Sorrry about that! I’ve edited the example and it is runnable now.

Yes I’ve benchmarked `main()` with `@btime` and `dataSize = 1000`. Replacing `EnsembleThreads()` with `EnsembleGPUArray()` produced a slowdown.

Are you using `Float32` or `Float64` for your GPU tests? `Float64` tends to be massively slower on consumer GPUs (the impact is less severe for top-shelf Quadro/RTX models) - try switching everything to `Float32`.

**edit: see this (2015) article for head-to-head comparisons: Explaining FP64 performance on GPUs | ArrayFire

1 Like

I was using `Float64`. Switching to `Float32` improved things , but just a little: Form `210.512 ms` with `Float64` to `204.785 ms` with `Float32`. Still, a lot slower than `25.072 ms` using 20 CPU threads

The performance difference is indeed significant. Maybe 1000 trajectories is still to little to notice speed gains?

1 Like

For 3 non-stiff ODEs? Yes. We’re working on a separate type of GPU-based ODE solver for that case, but it’s hard to overcome the GPU overhead of that. Usually I find the best thing is to have like 10+ ODEs, and preferably stiff. That then is where the big speedups come from (like the 175x acceleration demonstrated in the Pfizer case study of Julia Computing, that was a stiff ODE). That just packages a lot more computation into the kernels.

1 Like

I see. My real problem is ray tracing in general relativity. This involves, like the Lorenz example, solving an ensemble of trajectories for photons that will be composed into an image. The system has only 7 non-stiff equations but each equation has quite a lot of intermediate computations going on involving the spacetime metric and it’s derivatives.
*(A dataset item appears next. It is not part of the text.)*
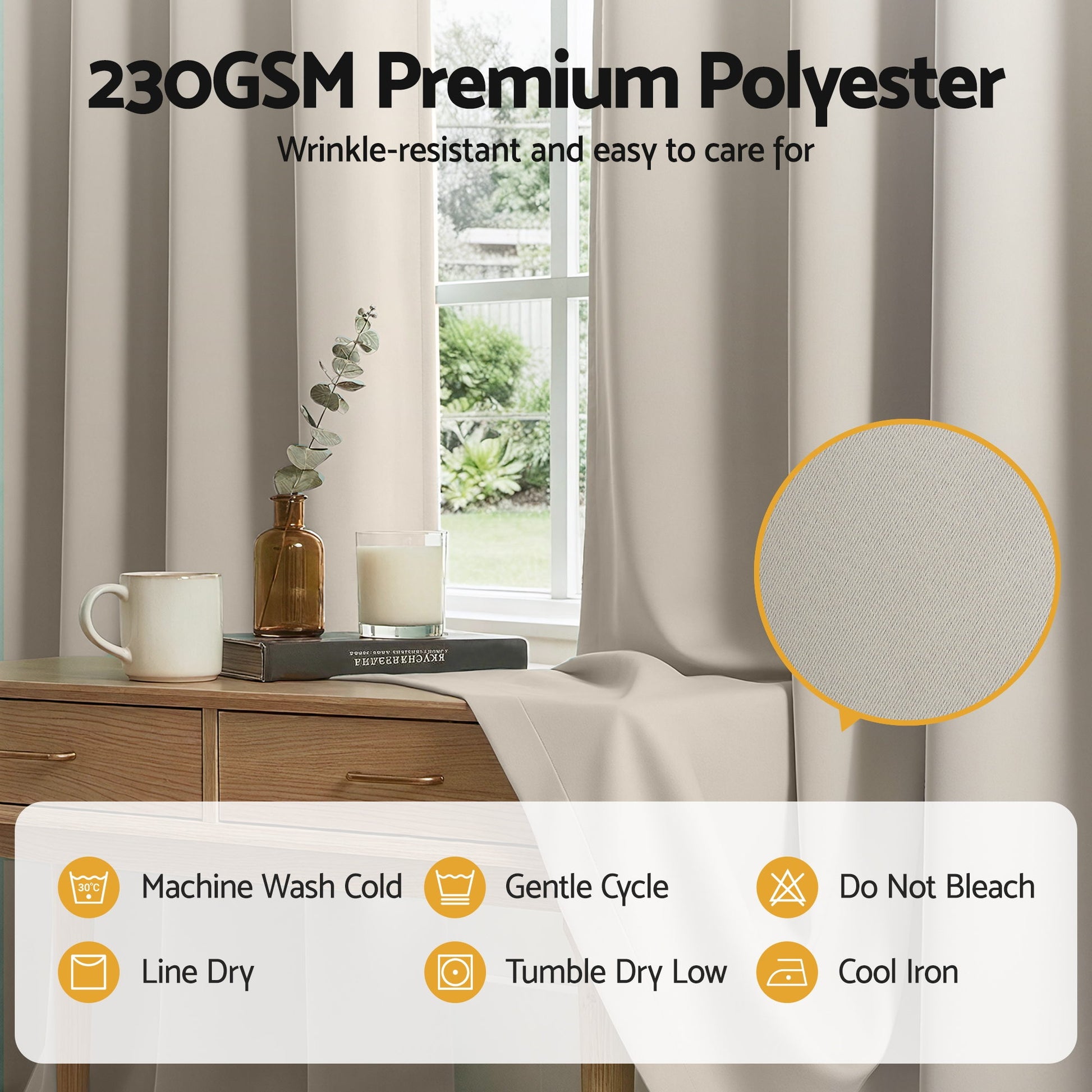 Artiss Blockout Curtains 2X 132x213cm Thermal Insulated Eyelet Drapes Beige

Also for a `N x M` pixel image I solve the system `16 * N * M` times so hopefully in my real application the GPU overhead might be diluted.

In any case after the help of everyone here, I think that now I’m able to implement the ensemble strategy in my code and that alone will improve my current performance.

Since in my original post I specifically asked for “How to pre-allocate memory for the output” I think it’s only fair to mark Chris’s first response as the “solution” to the discussion.

1 Like